The following persons were contacted by this team during the investigation:
  1. Denny P. Flores: CO, Pandita Area DI 6th Military District
  2. Tomas Ilagan: CO, 2nd Bn
  3. Vicente Conti: Regtl S-1
  4. Maynardo Farol: Regtl S-2
  5. Fausto P. Cotoy: Intelligence Section
  6. Domingo Cuevas: Intelligence Section
  7. Felicolo Sanchez: Company Commander, 2nd Bn “C” Co
  8. Noe A. Javier: Ex O, 1st Bn
  9. Dominador Amurao: Intelligence Unit
  10. Miguel Banta: CO, Medical Unit
  11. Celerino Aguila: S-2, 2nd Bn
  12. Ciriaco Solis: CO, “A” Co, 2nd Bn
  13. Pascuala Tolentino: First Aider, Medical Unit
  14. Tomas Bunao: Ex O, “B” Co, 2nd Bn
  15. Benjamin Ilagan: Intelligence Unit
  16. Nemesio de Mesa: Platoon Leader, “B” Co, 2nd Bn
  17. Vicente Ilagan: S-4, 2nd Bn
  18. Alberto Leynes: Ex-Mayor of Bauan

  19. [p. 2]

  20. Lt. Col. P. Serran: Peralta’s S-2 in Panay
  21. Lt. Col. F. Aranas: Peralta’s Adjutant
  22. Col. Manuel Dikit: Fil-Am Commander
  23. Col. Terry Adevoso: ROTC Commander

This unit was purely an intelligence organization. The above men have stated that no combat was held with the Japanese until the Americans arrived. These men worked only part-time. After finishing an assignment which covered two to three days, they returned to their homes. No records of morning reports were kept. A few messages were received from Lt. Col. Serran, but they only said to keep up the good work. Flores has no papers to substantiate his claim that he sent reports to Serran, except for one. Serran, when questioned about Flores’ unit, said he may have received reports but was not certain. All he could say in connection with this unit was that it existed. Lt. Col. Aranas could give no more information than Serran. Col. Terry Adevoso was asked about this unit and he did not know much and referred us to Capt. Medalla. Medalla said he knew of its existence, but that’s all. Col. Quentin Gellidon says the same. Flores submitted three rosters on the first battalion and none of these rosters are the same. Another battalion under Flores made up mainly of Visayans left this unit in Sept. 1944 to join Peralta in Panay. No reason was given for their leaving except that they wished to return to their own island.

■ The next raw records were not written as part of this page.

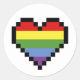 A cute and retro rainbow pixel heart, A fun pride sticker for the gaymers in your life.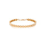 Wrap your wrist in the exquisite pattern of HiveLoom—a mesmerizing bracelet crafted in 18k solid gold, mirroring the intricate beauty of the honeycomb necklace. Beyond its captivating design, this piece is a spiritual homage to the harmonious unity found in nature's architectural wonders. Wear HiveLoom as a symbol of connection to the rhythmic balance of life, a delicate tribute to the brilliance of collective strength, day or night.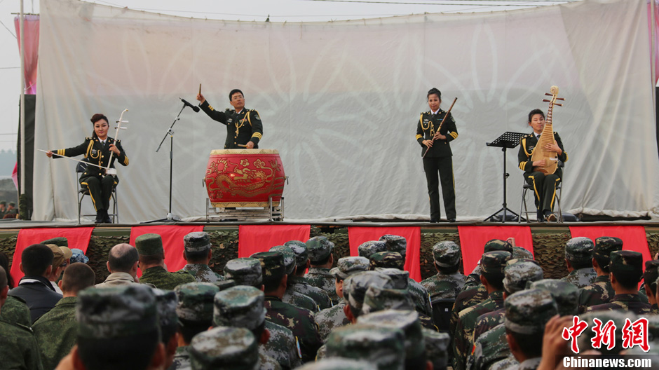 8月10日,隨同中方參演部隊赴俄羅斯參加“和平使命-2013”中俄聯(lián)演的沈陽軍區(qū)政治部文工團(tuán)演員們,為中俄千余名參演官兵獻(xiàn)上了一場精彩的文藝晚會。豐富多彩的文藝節(jié)目,將位于切巴爾庫爾訓(xùn)練場的中俄聯(lián)演野營村,變成了友誼的盛會、歡樂的海洋。圖為民樂合奏《出征》。中新社發(fā) 李祥輝 攝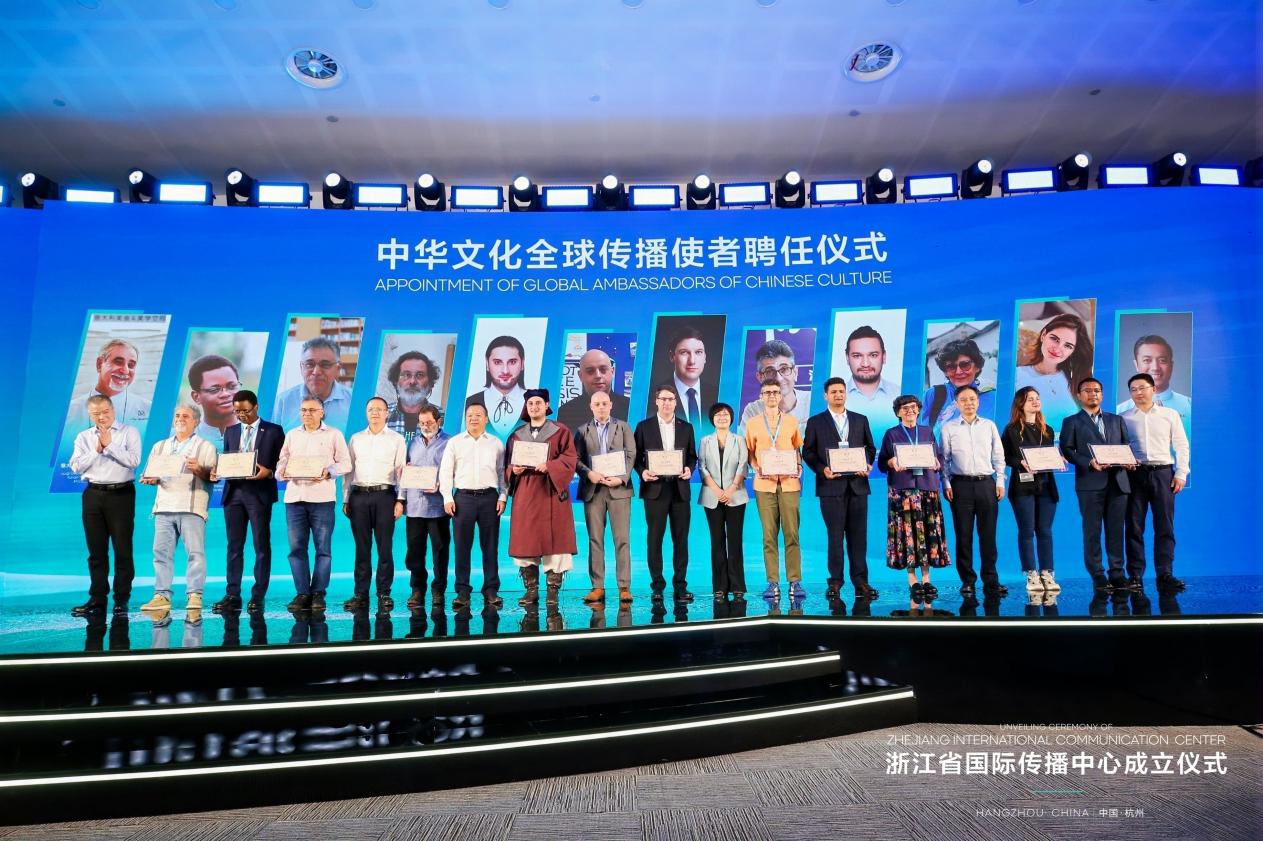 埃米尔受聘成为中华文化全球传播使者(左八)。图片来源 浙江省国际传播中心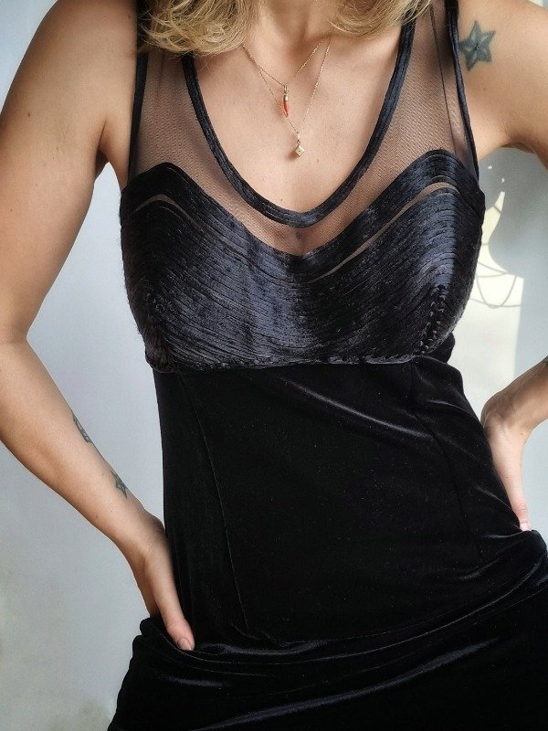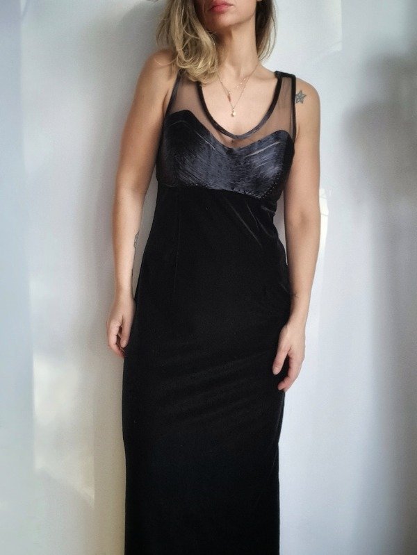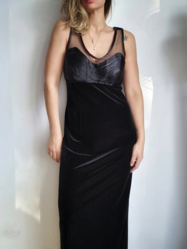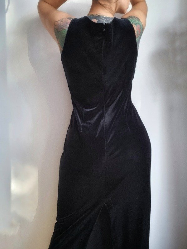 Vestido vintage 90s, largo, confeccionado en terciopelo elastizado color negro. Tajo trasero de 60 cm. Impeca.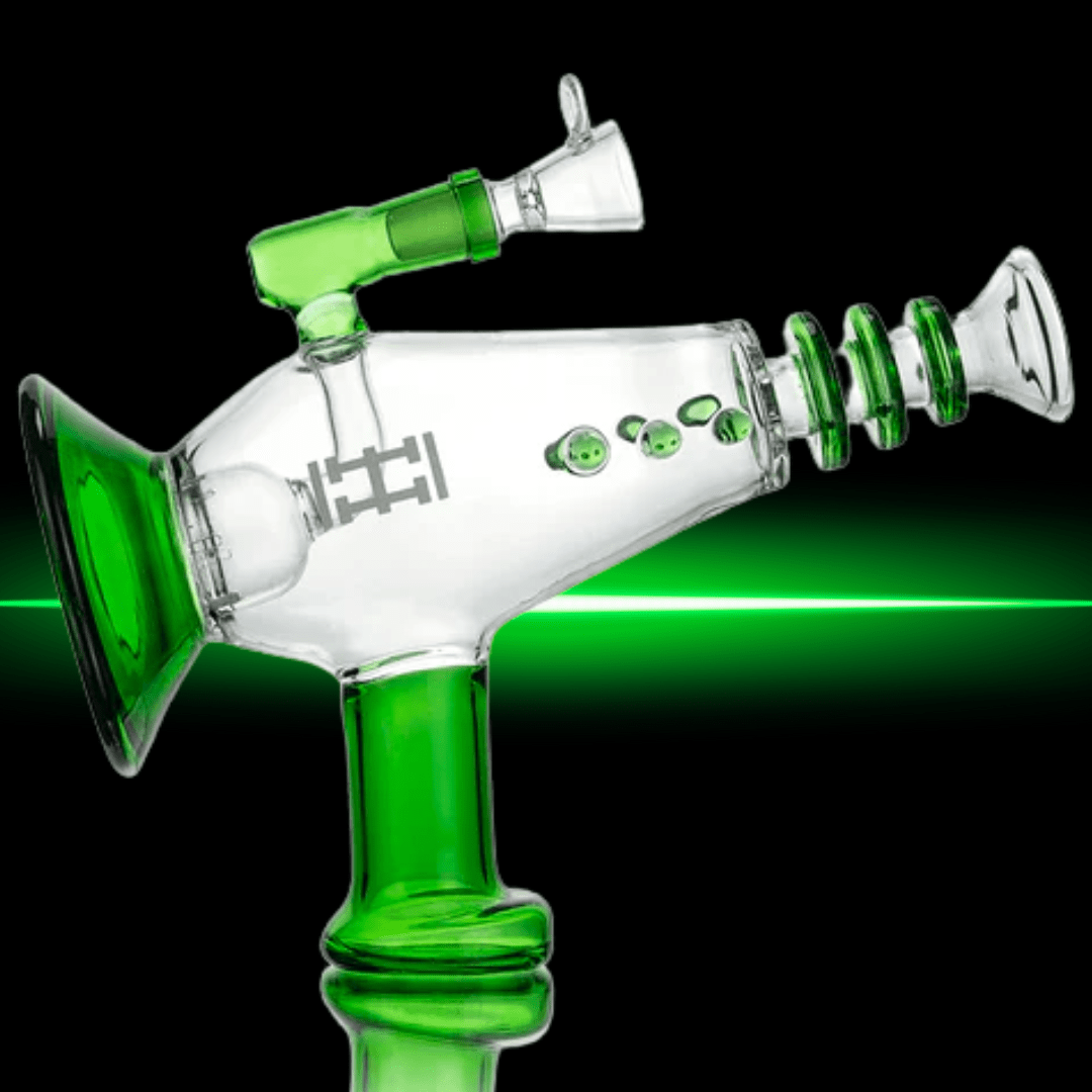 Made with function AND looks in mind, the spill resistant design gives you seamless transition from an epic bong to your very own phaser gun! The flat bottom design of the gun handle even allows you to display it 24/7 in phaser mode- trust us when we say we are absolutely obsessed with this piece!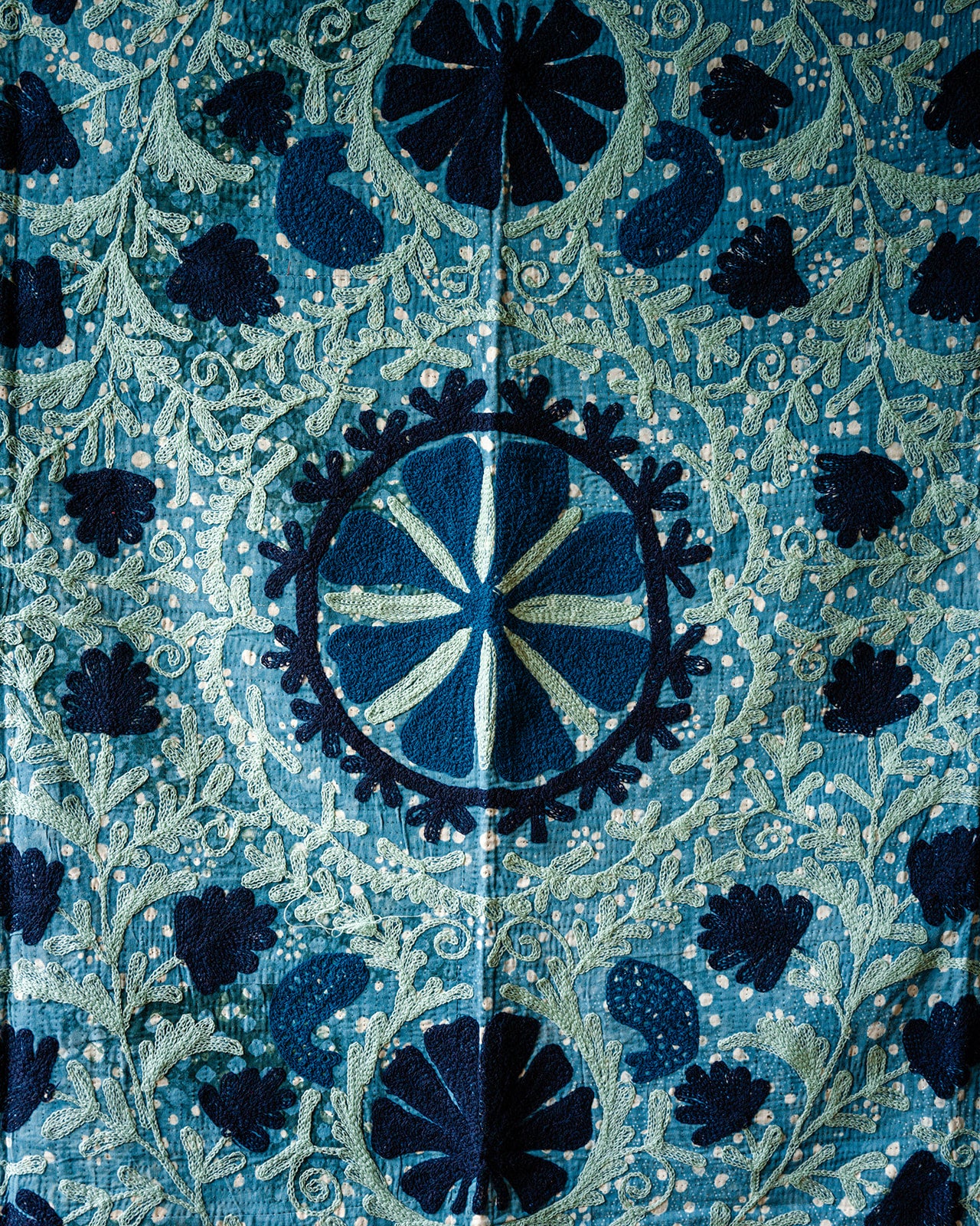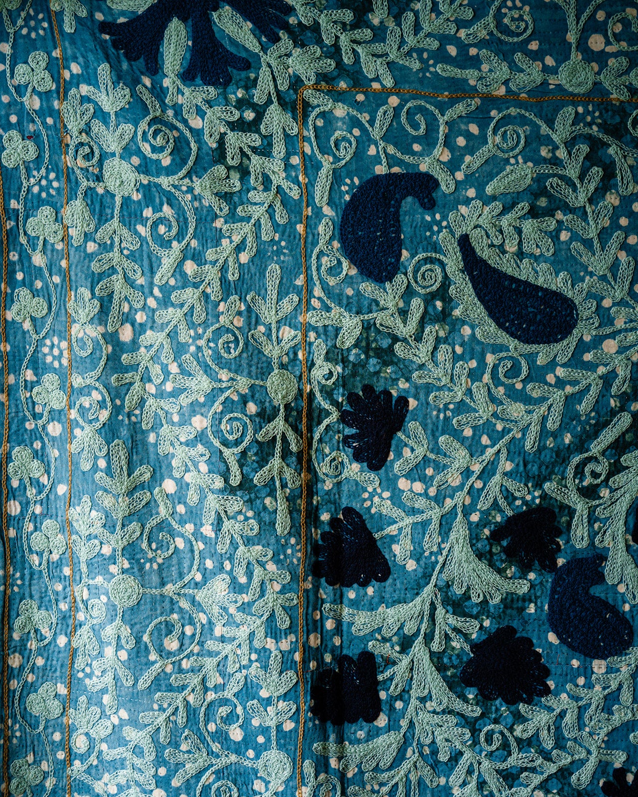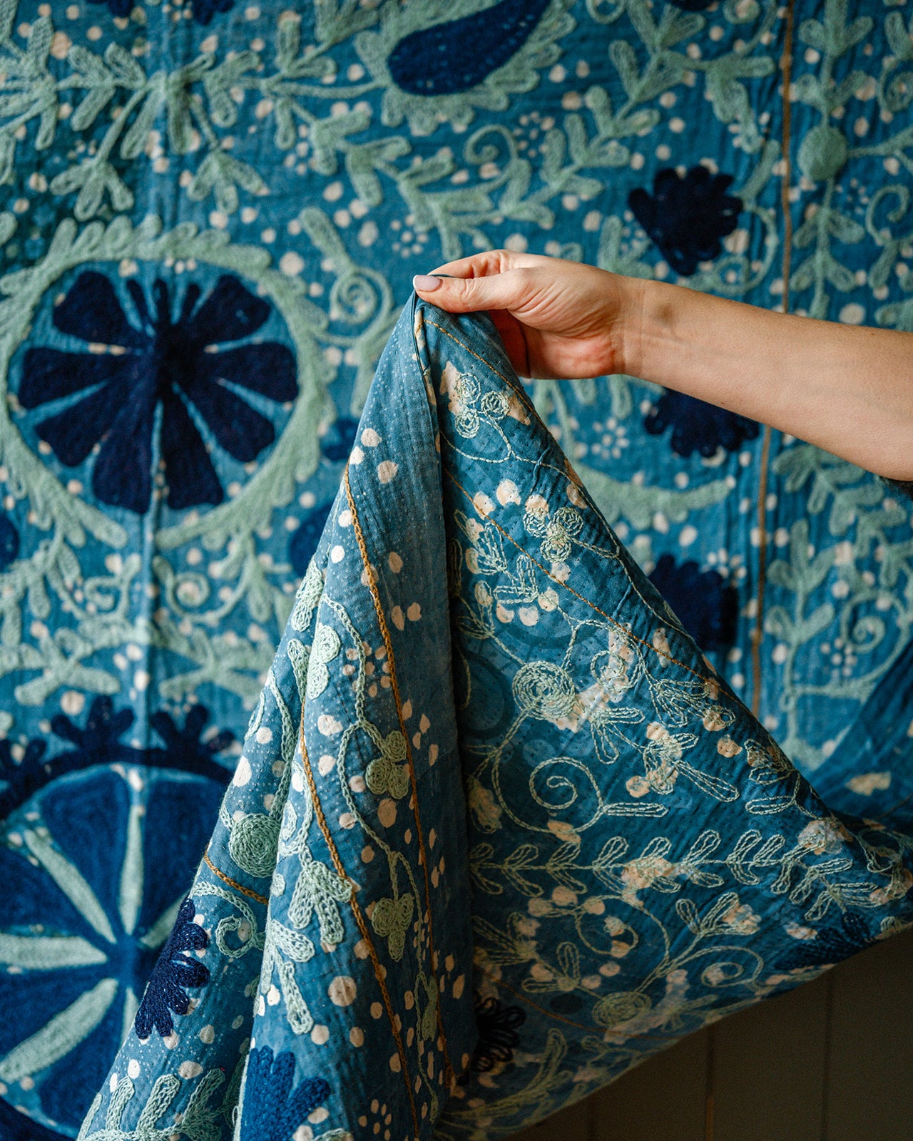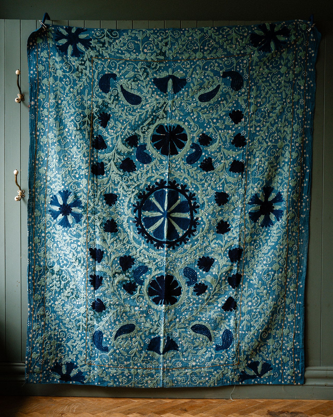 Suzani textiles are known for their unique patterns and vibrant colours. This particular throw showcases a beautiful array of floral motifs, making it not only functional but also a true work of art. With its generous size, it's ideal for cozy evenings or as a stylish statement piece in any room.

On one of Flores’ rosters, he has an intelligence unit of 46 officers and no enlisted men; a great excess of TO strength. A company was recognized for their attachment to the 382nd AAA AW BN, US ARMY. Other units of the “Pandita Area DI 6th Military District claim to have been with the 11th Airborne, but according to Tomas Ilagan, CO of [the] 2nd Bn, their main work was as labor battalion and guides. This unit did not help materially in the defeat of the enemy.


This unit appears to have no political aspirations.


After careful examination of the supporting papers and statements from men within the unit and outside sources, it is recommended that this unit be not favorably considered for recognition.

2nd Lt., Inf.
Contact Team 4

Notes and references:
1 “Pandita Area, Free Luzon Intelligence Echelon, 6th MD, [Folder 4],” online at the United States National Archives.